To further evaluate the discriminative capability of the models, Figure 7 and Figure 8 present the ROC curves and AUC scores for each baseline model across all evaluated datasets. The results indicate that the proposed soft voting ensemble consistently outperforms the individual classifiers as well as the stacking ensemble method. This is related to the WGAN-based balancing strategy, which reduces the bias toward the majority class and improves the TPR without excessively increasing the FPR. In addition, the soft voting stabilizes the final predictions by aggregating the probabilistic outputs of multiple classifiers. In contrast, the SVM classifier yields the lowest ROC–AUC values on the English datasets, while the stacking ensemble exhibits the weakest performance on the Arabic datasets.

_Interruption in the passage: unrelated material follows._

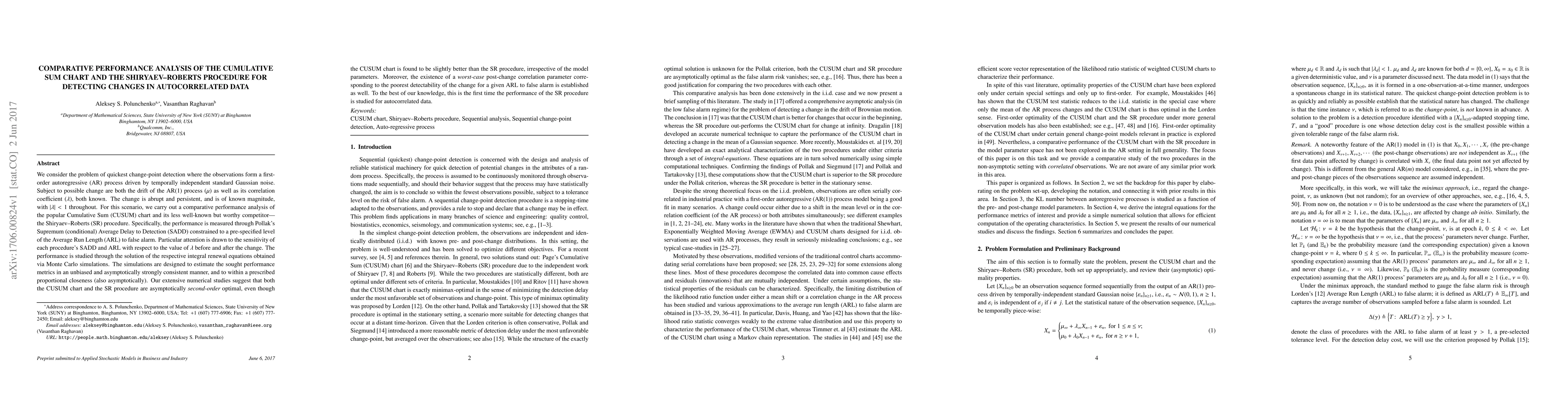 We consider the problem of quickest change-point detection where the observations form a first-order autoregressive (AR) process driven by temporally independent standard Gaussian noise. Subject to possible change are both the drift of the AR(1) process ($\mu$) as well as its correlation coefficient ($\lambda$), both known. The change is abrupt and persistent, and is of known magnitude, with $\vert\lambda\vert<1$ throughout. For this scenario, we carry out a comparative performance analysis of the popular Cumulative Sum (CUSUM) chart and its less well-known but worthy competitor -- the Shiryaev-Roberts (SR) procedure. Specifically, the performance is measured through Pollak's Supremum (conditional) Average Delay to Detection (SADD) constrained to a pre-specified level of the Average Run Length (ARL) to false alarm. Particular attention is drawn to the sensitivity of each procedure's SADD and ARL with respect to the value of $\lambda$ before and after the change. The performance is studied through the solution of the respective integral renewal equations obtained via Monte Carlo simulations. The simulations are designed to estimate the sought performance metrics in an unbiased and asymptotically strongly consistent manner, and to within a prescribed proportional closeness (also asymptotically). Our extensive numerical studies suggest that both the CUSUM chart and the SR procedure are asymptotically second-order optimal, even though the CUSUM chart is found to be slightly better than the SR procedure, irrespective of the model parameters. Moreover, the existence of a worst-case post-change correlation parameter corresponding to the poorest detectability of the change for a given ARL to false alarm is established as well. To the best of our knowledge, this is the first time the performance of the SR procedure is studied for autocorrelated data.

In addition, we evaluated the proposed model using different validation strategies as shown in Table 7, in order to assess its stability and generalization capability. The initial experiments were conducted using an 80:20 train–test split, which was also used for all baseline models in the previous results. To verify the robustness of the approach, we compared this configuration with other partitioning strategies, including 90:10 and 70:30 fixed train-test splits, as well as 5-fold and 10-fold cross-validation. The results show that the 80:20 split generally provides the best performance across most datasets, particularly for the TripAdvisor Hotel Reviews, RES, and SemEval-2016 datasets. In contrast, the 90:10 split achieves slightly higher performance on the Yelp Restaurant Reviews and HTL datasets. Performance variations across validation strategies, particularly on the Yelp dataset, can be attributed to differences in class distribution and data partitioning. Overall, the performance differences across the various validation strategies remain relatively small, indicating that the proposed approach is stable and does not depend on a specific data partition.

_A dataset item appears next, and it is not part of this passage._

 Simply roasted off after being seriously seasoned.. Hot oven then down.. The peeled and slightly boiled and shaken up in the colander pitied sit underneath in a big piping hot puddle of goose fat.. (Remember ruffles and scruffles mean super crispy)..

Figure 9 and Figure 10 present a comparison of the classifiers used in this study in terms of training and inference time across all datasets. Inference time refers to the time required to generate predictions on new data. In the English datasets, the soft voting ensemble requires approximately 12 times more training time than XGBoost, the fastest individual classifier, while stacking is more than 2.5 times slower than soft voting. Similarly, in the Arabic datasets, the soft voting approach is approximately 8 times slower than XGBoost, and stacking remains more than 2.5 times slower than soft voting. The results show that ensemble-based models incur the highest computational cost, both during training and inference time, due to their multi-level architecture involving multiple base learners and in the case of stacking, a meta-learner. The soft voting ensemble represents the second most computationally expensive approach. In contrast, individual classifiers such as LR and SVM exhibit significantly lower training and inference times. These findings highlight the trade-off between model complexity and computational efficiency, where the proposed approach achieve improved predictive performance at the expense of increased computational cost.

5. Conclusions

The growing demand for effective sentiment analysis models has significantly accelerated research in this field. Early studies primarily focused on the English language, but recent efforts have expanded to include more linguistically complex languages such as Arabic. In parallel, research has increasingly addressed each stage of the sentiment analysis pipeline, including preprocessing, feature extraction, and classification in order to develop more accurate models.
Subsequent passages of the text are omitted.